Barry Zito is probably the best pitcher in baseball now. I'm doing some research, but I'm pretty sure it's true.

Ezra Shaw

Introducing the Barry Zito Paradox:

  • If Barry Zito throws more than 200 innings this season, his $18 million option will vest for 2014
  • If Barry Zito throws more than 200 innings this season, it will mean he's pitching like an $18 million pitcher

Okay, that's not a traditional paradox, but you get the idea. Zito triggering the option wasn't a risk because he wasn't going to pitch well enough. But if he did trigger the option, say, he must be doing something right. Like, $18 million right. And here he is, for the second season in a row, opening the season with a bunch of scoreless innings. Like last year's first-start masterpiece, you're likely to be disappointed if you try to divine a lot of meaning out of it. The odds are incredibly good that Zito is going to pitch zitolically for the rest of the year. Highs, lows, dizzying in-betweens. Mostly in-betweens.

But if we can take a great deal of pleasure out of a good Zito start, we can take an even greater amount of pleasure out of his continued trolling of the Cardinals. This is Hairston-level trolling, everyone, except it's being performed in the name of the righteous and honorable.

His last nine plate appearances from his last three starts against the Cardinals: successful sacrifice, walk, groundout, successful sacrifice, single and RBI, strikeout, single, sacrifice that led to an error and the winning run, successful sacrifice. And in those three starts, including the postseason: 21.1 IP, 14 K, 4 BB, 0.84 ERA.

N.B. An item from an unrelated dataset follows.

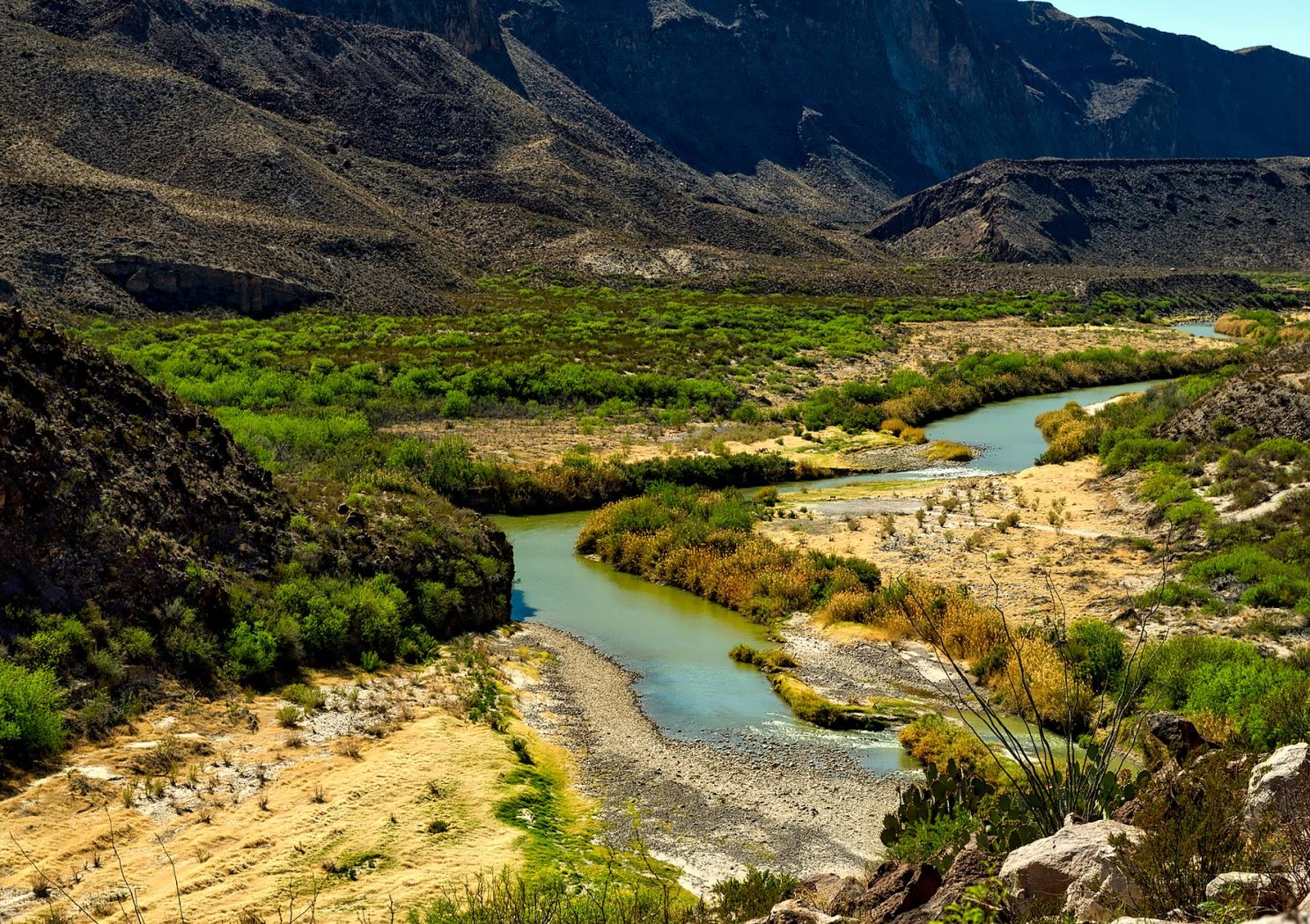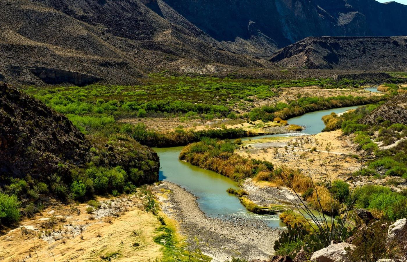 Rio Grande to jedna z największych rzek w Ameryce Północnej, która wypływa z Gór Skalistych i biegnie przez trzy tysiące kilometrów, zanim wpadnie do Zatoki Meksykańskiej. Przez ponad dwa tysiące kilometrów stanowi granicę między Teksasem a Meksykiem. Płynie przez pustynne i półpustynne tereny i zanim dotrze do położonego na granicy Teksasu i Meksyku miasta El Paso, czasem pozostaje z niej wątły strumień.

Trolling. The Cardinals destroy lefties, but it's like they got that ability from a monkey paw that somehow makes them vulnerable to the Zitos of the world.

Strangely enough, even though this is the seventh year of Barry Zito on the Giants and I know better, I'm cautiously optimistic about Zito. He wrote courageously after a brilliant Zito performance. But, seriously, his strikeout-to-walk ratio kept improving as last season went on, and he seemed to find his command and curveball at the same time -- or, rather, he fixed something that improved his command and curveball at the same time.

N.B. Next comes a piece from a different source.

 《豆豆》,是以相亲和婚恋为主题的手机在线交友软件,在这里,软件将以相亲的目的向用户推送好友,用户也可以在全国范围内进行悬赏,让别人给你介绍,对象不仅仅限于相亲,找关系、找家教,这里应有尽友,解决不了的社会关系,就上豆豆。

And the public-relations re-imagining of Barry Zito continues. One day Ice Cube is telling you to fornicate with law officers, and the next he's in a kids movie called Are We There Yet? Before you knew it, he made the transition from rapper who terrified your parents to actor who invited parents to enjoy his lighthearted romp. Though in Zito's case, the awful version came first and the compelling version came second.

Oh, and it's Zito's name in lights on the blimp these days.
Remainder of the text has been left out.